*WHAT TO DO*.
Reproduce without any pictures the lines from the one that contains "Montage simple - il" through the end of the records, exactly as written.

*DATA SHOWN*.
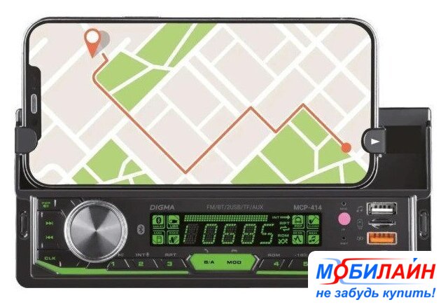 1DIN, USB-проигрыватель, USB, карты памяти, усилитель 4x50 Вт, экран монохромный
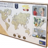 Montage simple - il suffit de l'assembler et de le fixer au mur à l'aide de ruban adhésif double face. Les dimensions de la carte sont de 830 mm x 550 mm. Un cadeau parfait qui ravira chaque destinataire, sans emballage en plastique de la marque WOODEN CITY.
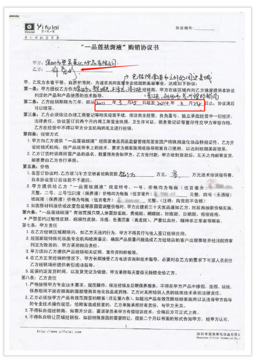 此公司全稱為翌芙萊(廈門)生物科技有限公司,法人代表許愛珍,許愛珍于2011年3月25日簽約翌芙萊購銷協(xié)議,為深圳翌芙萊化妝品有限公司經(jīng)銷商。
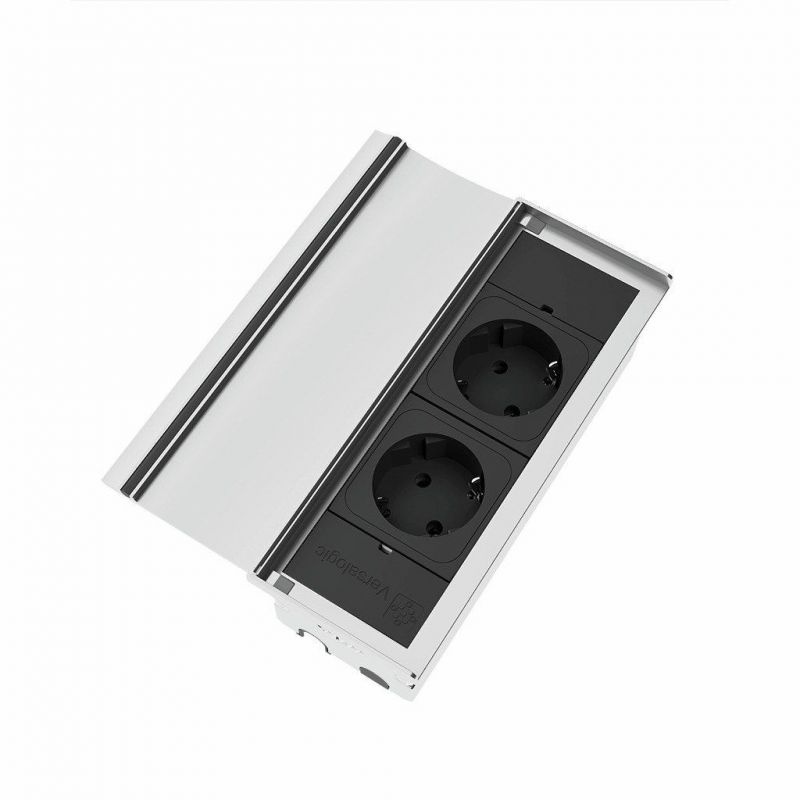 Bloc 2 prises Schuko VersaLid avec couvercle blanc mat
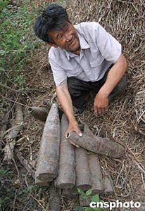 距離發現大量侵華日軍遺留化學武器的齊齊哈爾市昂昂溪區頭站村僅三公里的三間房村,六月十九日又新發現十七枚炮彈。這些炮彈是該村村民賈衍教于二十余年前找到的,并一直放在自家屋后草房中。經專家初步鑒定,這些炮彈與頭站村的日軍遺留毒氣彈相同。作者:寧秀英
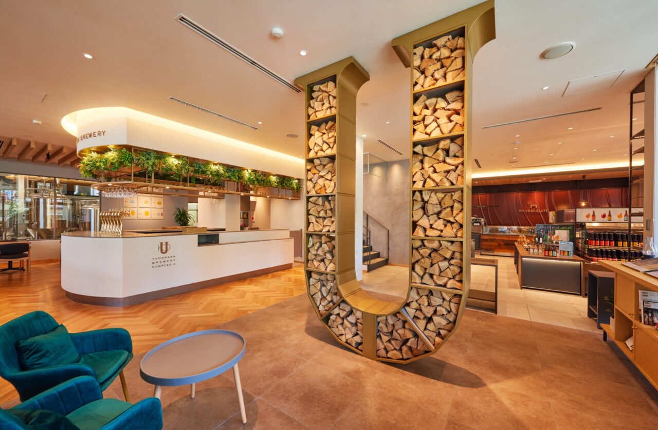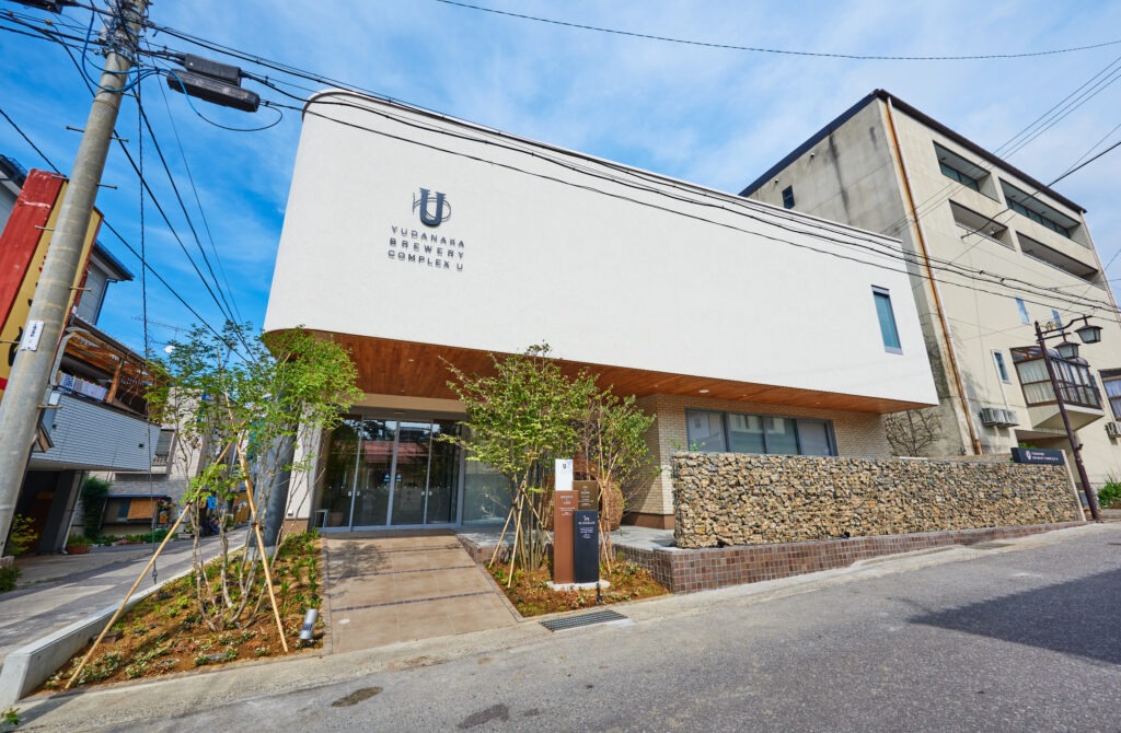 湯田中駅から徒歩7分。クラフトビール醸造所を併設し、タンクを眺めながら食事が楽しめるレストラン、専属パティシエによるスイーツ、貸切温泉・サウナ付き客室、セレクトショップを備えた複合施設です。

*REPLY*.
 Montage simple - il suffit de l'assembler et de le fixer au mur à l'aide de ruban adhésif double face. Les dimensions de la carte sont de 830 mm x 550 mm. Un cadeau parfait qui ravira chaque destinataire, sans emballage en plastique de la marque WOODEN CITY.
 此公司全稱為翌芙萊(廈門)生物科技有限公司,法人代表許愛珍,許愛珍于2011年3月25日簽約翌芙萊購銷協(xié)議,為深圳翌芙萊化妝品有限公司經(jīng)銷商。
 Bloc 2 prises Schuko VersaLid avec couvercle blanc mat
 距離發現大量侵華日軍遺留化學武器的齊齊哈爾市昂昂溪區頭站村僅三公里的三間房村,六月十九日又新發現十七枚炮彈。這些炮彈是該村村民賈衍教于二十余年前找到的,并一直放在自家屋后草房中。經專家初步鑒定,這些炮彈與頭站村的日軍遺留毒氣彈相同。作者:寧秀英
 湯田中駅から徒歩7分。クラフトビール醸造所を併設し、タンクを眺めながら食事が楽しめるレストラン、専属パティシエによるスイーツ、貸切温泉・サウナ付き客室、セレクトショップを備えた複合施設です。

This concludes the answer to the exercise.